= Christopher Wood (composer) =

Welsh composer

Professor Christopher Wood (born 1945) is a Welsh-born composer of sacred choral music, best known for his setting of the Requiem Mass (The Wood Requiem), his Missa Brevis, the 'Easter Oratorio Holy Week and the string orchestra piece Aberfan, commissioned for the Last Night of the Welsh Proms in 2016.

Wood's five-movement Missa Brevis, for choir and organ, was first performed at the sung Eucharist at St Paul's Cathedral, London on 3 August 2014. It is adapted from the Wood Requiem - a larger work for soloists, choir and orchestra, which was first performed at St John's Smith Square, London in December 2012, by L'Inviti Singers conducted by Paul Brough, Principal Guest Conductor of the BBC Singers.

Wood was one of the speakers at the Royal College of Organists' recital and reception held at Mansion House, London in September 2013 to mark the beginning of the celebration of the RCO's 150th anniversary. In 2014, Wood was appointed Chairman of Trustees of the Royal College of Organists. In July 2015, Wood was awarded an Honorary Fellowship from the University of Wales Trinity Saint David for services to medicine and music.

Wood's Easter Oratorio Holy Week, was recorded at Abbey Road Studios, London in November 2015.

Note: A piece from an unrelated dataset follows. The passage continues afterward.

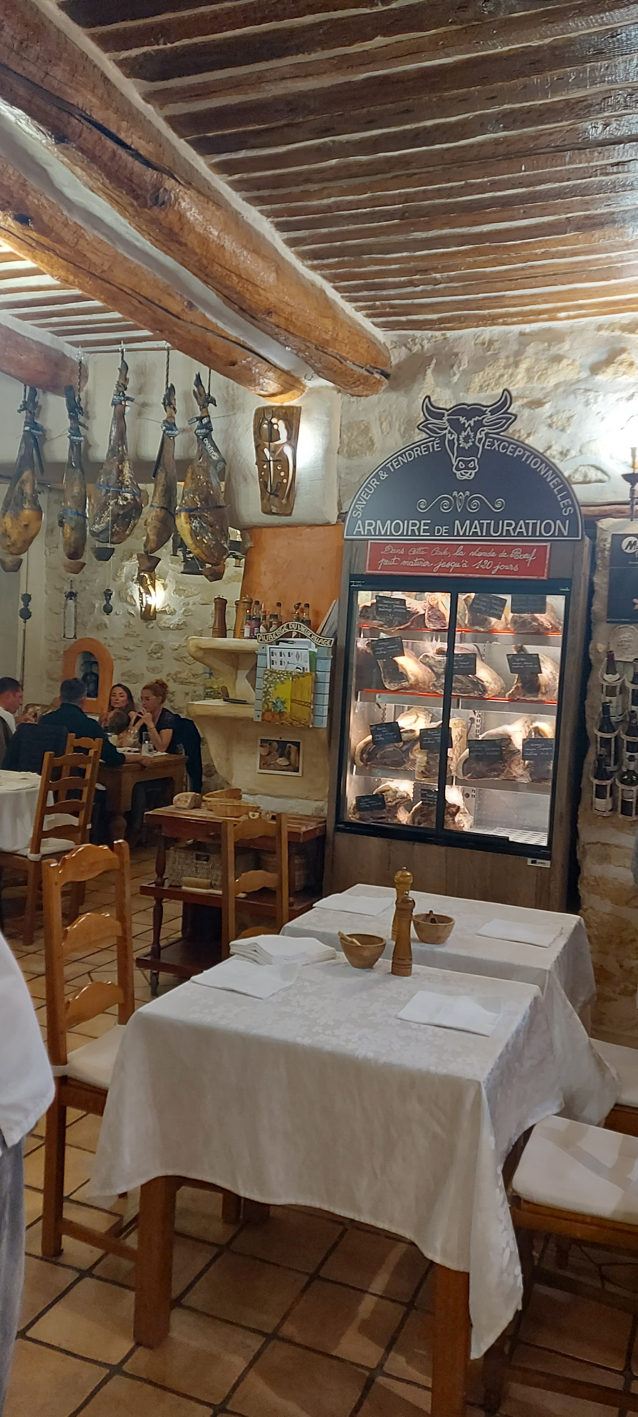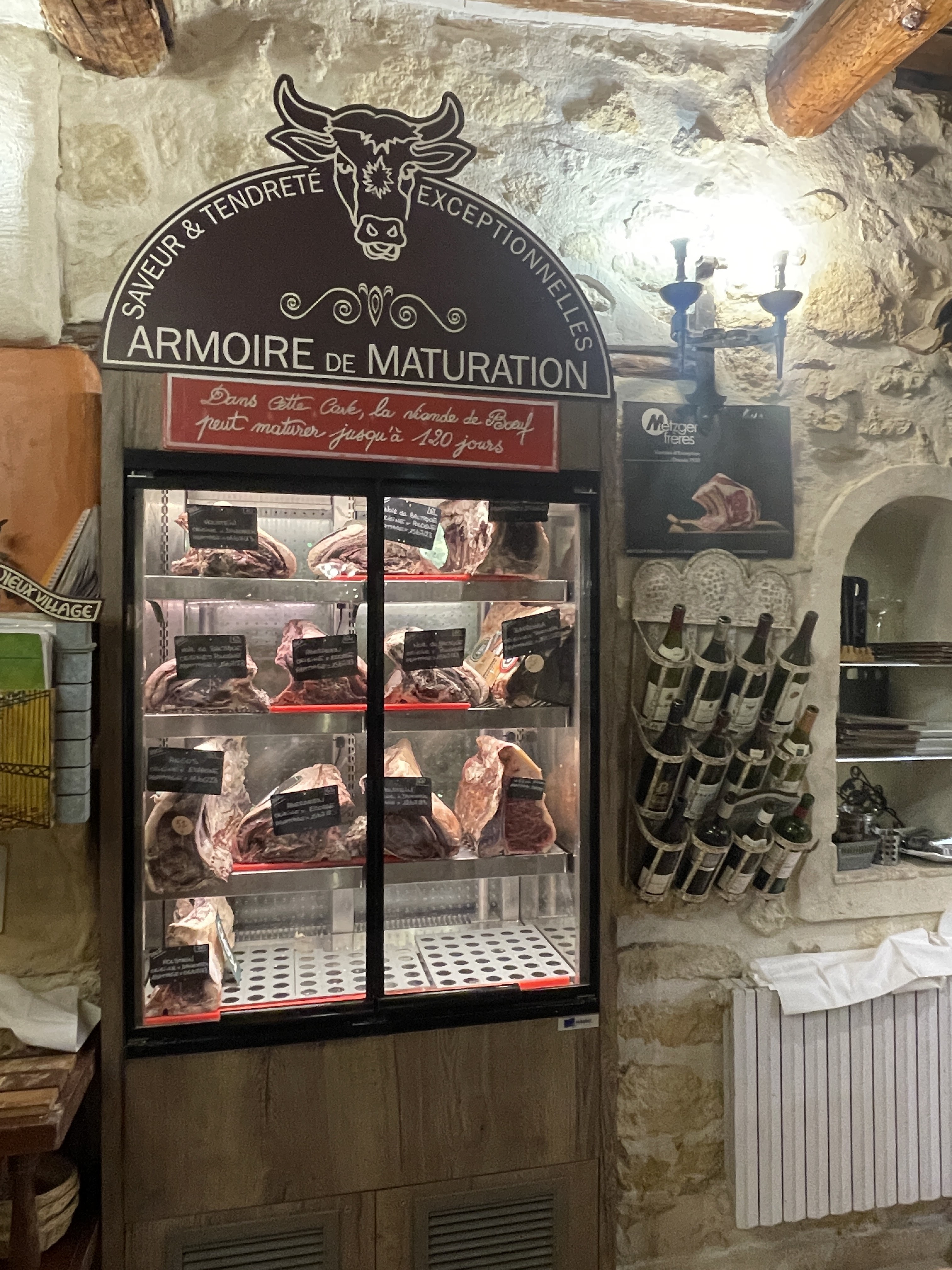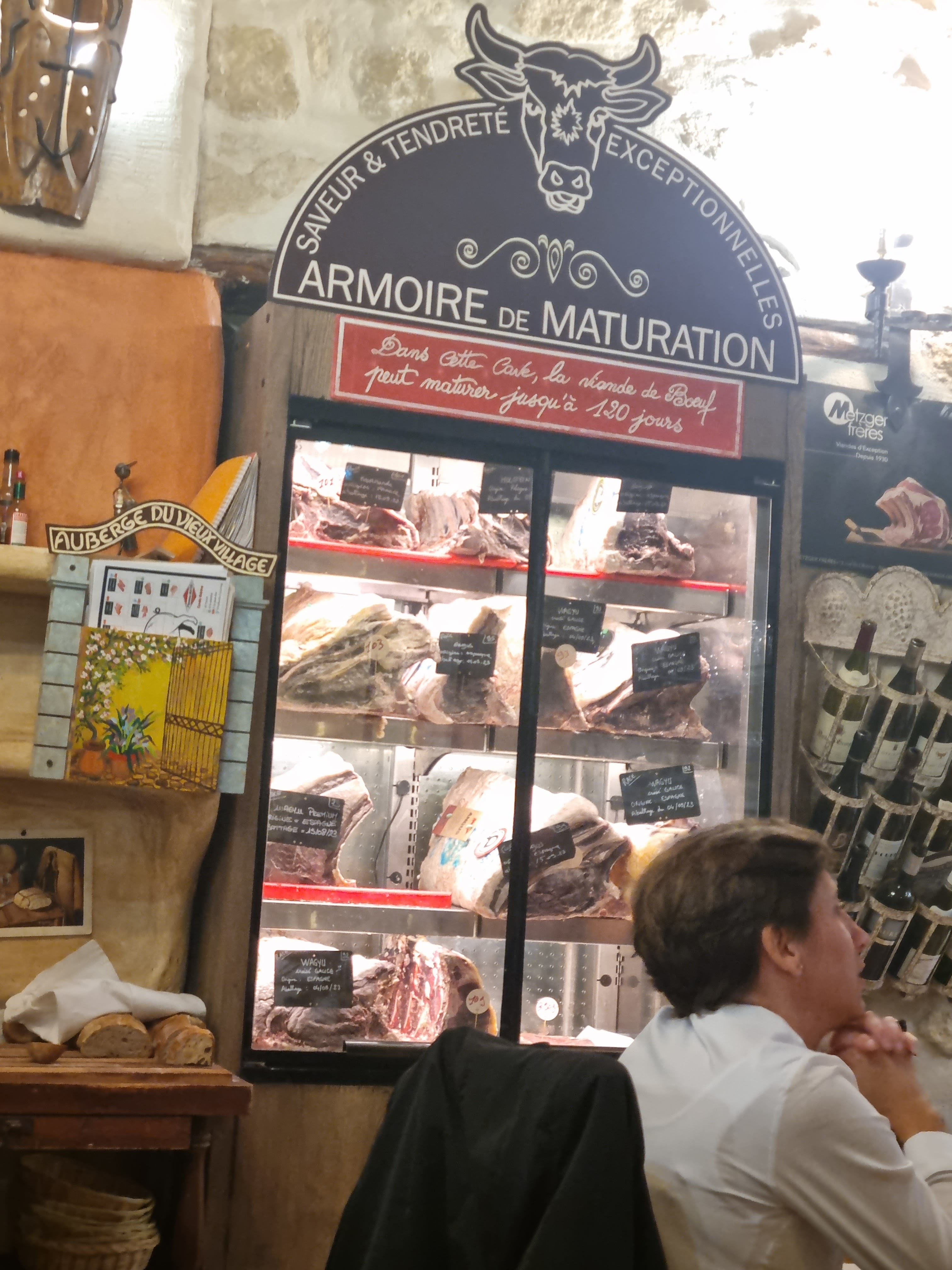 Perdu au milieu d'une rue étroite de ce petit village provençale, seul les initiés connaissent l'adresse. L'auberge du vieux village de Mallemort (13) est une ancienne bâtisse aux pierres apparentes et aux murs vieux de plusieurs siècles. Dès l'entrée, on ne peut se tromper, les amoureux de la viandes maturés, sont au bon endroit. Une carte simple et variées ( il y a aussi du poisson 🐟), aux dressages raffinées, les saveurs sont aux rendez-vous. C'était notre 1ère fois dans la dégustation de viandes maturés. Nous avons été très bien conseillé, et par le choix de la maturation (50 jours) et par le choix du vin qui l'accompagner. Une viande grillées aux bois de bois, dans la cheminée qui se trouve en salle. Nous étions 4 personnes et nous avons passé un très agréable moment gustative. Je ne pourrai recommander grandement pour les connaisseurs, ainsi que les amateurs de viandes. ⭐️⭐️⭐️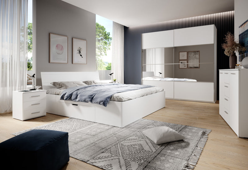 Posteľ BORDA + úložný priestor. Moderná posteľ je vyrobená z kvalitného materiálu chráneného ABS hranou pred mechanickým poškodením. Obsahuje úložný priestor v podobe zásuvok, ktoré sú situované tak, aby boli pohodlne dostupné z oboch strán lôžka.

On 23 July 2016, Wood's work for string orchestra, Aberfan, commissioned by the Welsh Proms, was performed by the Royal Philharmonic Orchestra, directed by Owain Arwel Hughes, at the Last Night of the Welsh Proms. On 22 August 2017, Aberfan received its first radio broadcast on Classic FM as part of the Full Works Concert with Jane Jones. The piece was transcribed for brass in 2018, and this version was premiered at the Welsh Proms, in the national concert hall of Wales, St David's Hall, Cardiff on Wednesday July 25, 2018. The performance featured the massed bands of Lewis Merthyr & RAF St Athan, conducted by Owain Arwel Hughes CBE. The transcription for brass was also recorded on the album Brass & Voices of Wales by the Lewis Merthyr Band, conducted by Owain Arwel Hughes. The string version has also been recorded.